▶ **What you have to do**: Please give back the listing below word for word, without the images.
Segment Start: Recorded data
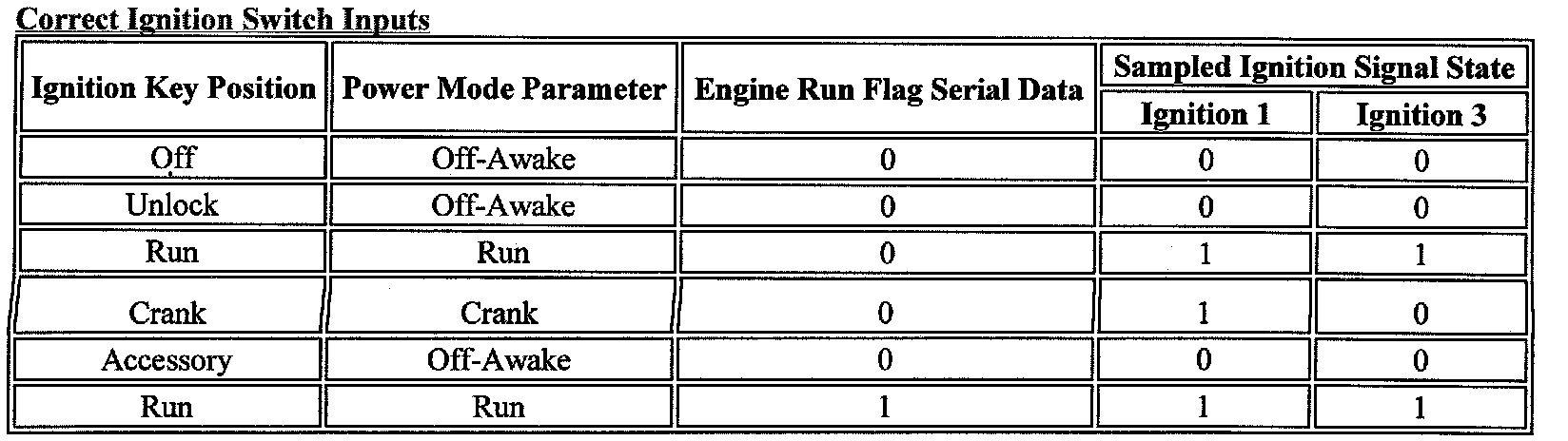 Those modules that have discrete ignition signal inputs also remain in the state dictated by the last valid BCM message received on the serial data circuits. They then check the state of their discrete ignition input to determine the current valid state. If the discrete ignition input is active, B+, the modules will fail-safe to the "RUN" power mode. If the discrete ignition input is not active, open or 0 voltage, the modules will fail-safe to "OFF-AWAKE". In this state the modules are constantly checking for a change status message on the serial data circuits and can respond to both local inputs and serial data inputs from other modules on the vehicle.
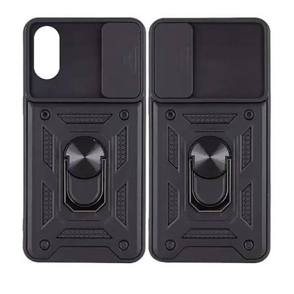 Гибкая силиконовая панель имеет жесткий металлизированный корпус и кольцо-подставку для пальца. Чехол способен выдержать даже сильные удары и царапины.
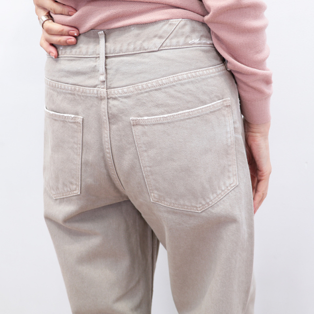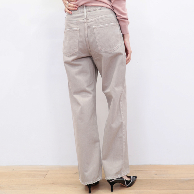 日常に履きやすく日本人の体型に合うシルエットで人気の“THE NIECE” をアップデートした “THE NIECE MID-RISE”。ワイドストレートな THE NIECE をミドルライズに改良し、より腰まわりがきれいに見えるよう追求しました。太すぎない程よいワイドさで、真っ直ぐな脚のラインを引き出し美脚効果絶大。秋らしいMAPLEベージュのカラーは、上品な印象もあり綺麗めなコーデにも違和感なく合わせることが出来ます。
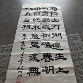 雷鸣东,国学大师,尺寸138×70厘米,中国书画艺术研究会会长、中国名人书画研究院院长、中国书法艺术研究院副院长兼中国画委员会主任、中国书法家隶书研究会副会长、该作品保真手绘,品相和图片一致
Segment End: Recorded data
▶ **Output of the task**:
 Those modules that have discrete ignition signal inputs also remain in the state dictated by the last valid BCM message received on the serial data circuits. They then check the state of their discrete ignition input to determine the current valid state. If the discrete ignition input is active, B+, the modules will fail-safe to the "RUN" power mode. If the discrete ignition input is not active, open or 0 voltage, the modules will fail-safe to "OFF-AWAKE". In this state the modules are constantly checking for a change status message on the serial data circuits and can respond to both local inputs and serial data inputs from other modules on the vehicle.
 Гибкая силиконовая панель имеет жесткий металлизированный корпус и кольцо-подставку для пальца. Чехол способен выдержать даже сильные удары и царапины.
 日常に履きやすく日本人の体型に合うシルエットで人気の“THE NIECE” をアップデートした “THE NIECE MID-RISE”。ワイドストレートな THE NIECE をミドルライズに改良し、より腰まわりがきれいに見えるよう追求しました。太すぎない程よいワイドさで、真っ直ぐな脚のラインを引き出し美脚効果絶大。秋らしいMAPLEベージュのカラーは、上品な印象もあり綺麗めなコーデにも違和感なく合わせることが出来ます。
 雷鸣东,国学大师,尺寸138×70厘米,中国书画艺术研究会会长、中国名人书画研究院院长、中国书法艺术研究院副院长兼中国画委员会主任、中国书法家隶书研究会副会长、该作品保真手绘,品相和图片一致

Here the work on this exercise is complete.